Good as her word, she came in on the Monday. Bon voyage gifts were laid on, jokes made about Florida, about septuagenarian lovers. Embraces, tears, laughter. Polly looked fine. Her friend was in good health, a gentleman, well enough off; they would be all right. How I envied them! She wished me the best; half her life was in that office; we’d done remarkable things together. She paused. She didn’t believe history really repeated itself. There were echoes, of course, if you listened for them, but the future — what there was of it for people our age — was new, and lay ahead, not behind us. All very well, I thought; yet what about…

But as if by tacit agreement, no allusion whatever was made to…

And so Tuesday the 17th came and went in thunderous silence, as if Polly’s flight laid an antisonic boom along the Eastern Shore. From 9 to 5, whenever Ms. Pond was in the office, I managed to drop things: my pen, my iced-coffee spoon; she must think me senile. But they were gracefully and soundlessly retrieved, a young woman picking up after an old codger with a sudden unquenchable thirst for iced coffee and a queer predilection for staring out the window at a certain oyster-shell pile.

Nothing — unless indeed opposites, negatives, count, in which case perhaps the entire absence of Polly Lake, and a fortiori of her etc., might betoken at the least my loss of the pending contest over Harrison’s will, and at the worst… Nonsense: 11 R didn’t happen, not on PLF Day or the next, or the next, by when in my frustration I was not fit society.
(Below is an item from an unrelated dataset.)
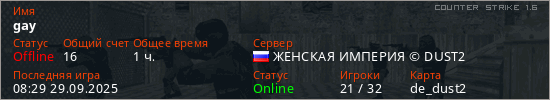 Последний раз был в сети 08:29 29.09.2025 Игрок с таким ником замечен на 34 серверах

For if time is not circling ’round, then 8 and 10 R, Jane’s return to me in the evening of our lives, that wondrous O out by Red Nun 20… portend nothing. My inchoate vision on the New Bridge was a delusion, and Now will be Tomorrow and Tomorrow: empty.

I missed Polly. There was no Jane. I was a fool.
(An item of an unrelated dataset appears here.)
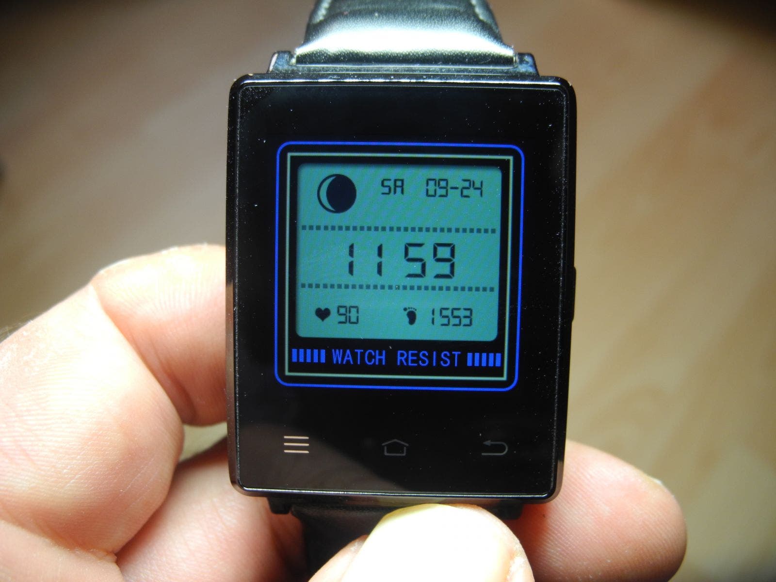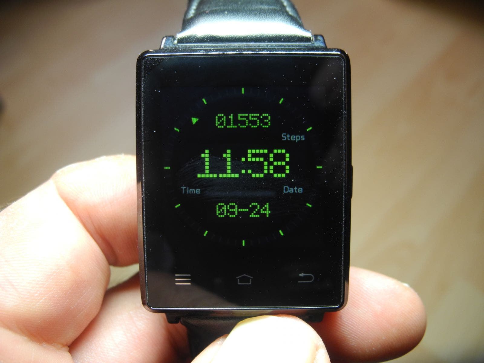 Die geringe Auflösung merkt man übrigens sehr stark. Insbesondere, wenn man Apps nativ auf der Smartwatch installiert. Die Schriften wirken pixelig und ausgefranzt, von Bildern, die man sich ohnehin nicht auf einem solch kleinen Display anschauen sollte, ganz zu schweigen. Die Farbdarstellung ist blass und unscharf. Lediglich die Watchfaces sehen ausreichend gut aus. Trotzdem zieht das Display eine ganze Menge Strom, was sich negativ auf die Akkulaufzeit auswirkt. Dieser hat übrigens 450 mAh und ist wechselbar, da er nur auf der Platine eingesteckt ist. Leider reicht das jedoch nicht aus, um die Uhr über den ganzen Tag zu bringen.

At half past three yesterday I left the office, saying truly I felt ill and meant to rest up in the country till Monday. The afternoon was airless; I’d left my car back at the cottage: I motored O.J. out from Slip #2 and downriver to its Todds Point dock. As I left the Howell Point day beacon to starboard, I saw the Original Floating Theatre II chugging out of the Tred Avon into the Choptank, en route from Oxford to Cambridge for the weekend (unlike the original Original, the replica is self-propelled). I kept my eyes on it, not to glimpse a certain red buoy to port, the sight of which just then would have undone me. Docked, I took a swim (no sea nettles yet) and lingered on deck for cocktails; even made dinner aboard, to put off entering this cottage too crowded with ghosts. Over the last of the wine, by the light of citronella candles in the cockpit (but there are no mosquitoes yet either, to speak of), I read the Evening Sun and wondered how the prospecting was in Florida.

The phone fetched me in just after dusk, when the swifts had given way to the swallows and the swallows to the bats. It’s me, she said: Jane.

I replied: I resist the obvious reply.

What? O.

Say that again, please.

What? She was in Dorset Heights. Might she stop by at the office tomorrow?

She didn’t sound entirely official. I took a breath, and a chance. Here I am at the cottage, I said: why not make Tomorrow Now?

She couldn’t, possibly, much as she’d like to see the place again. She had a dozen things to do before bedtime. Didn’t I have a minute tomorrow?

Another chance: I’m in Baltimore tomorrow till three, I lied; then I plan to drive straight back here for the weekend. Will you meet me here at six for dinner, or shall I pick you up and fetch you out? Grilled rockfish with fennel and rémoulade, a house specialty.

She hesitated; my heart and history likewise.

Well… okay. She’d drive out. Make it six-thirty? Bye.

No matter that her hesitation, I was quite confident, had to do with the logistics of her business day and not the implications of revisiting me in situ where the world began. She was coming!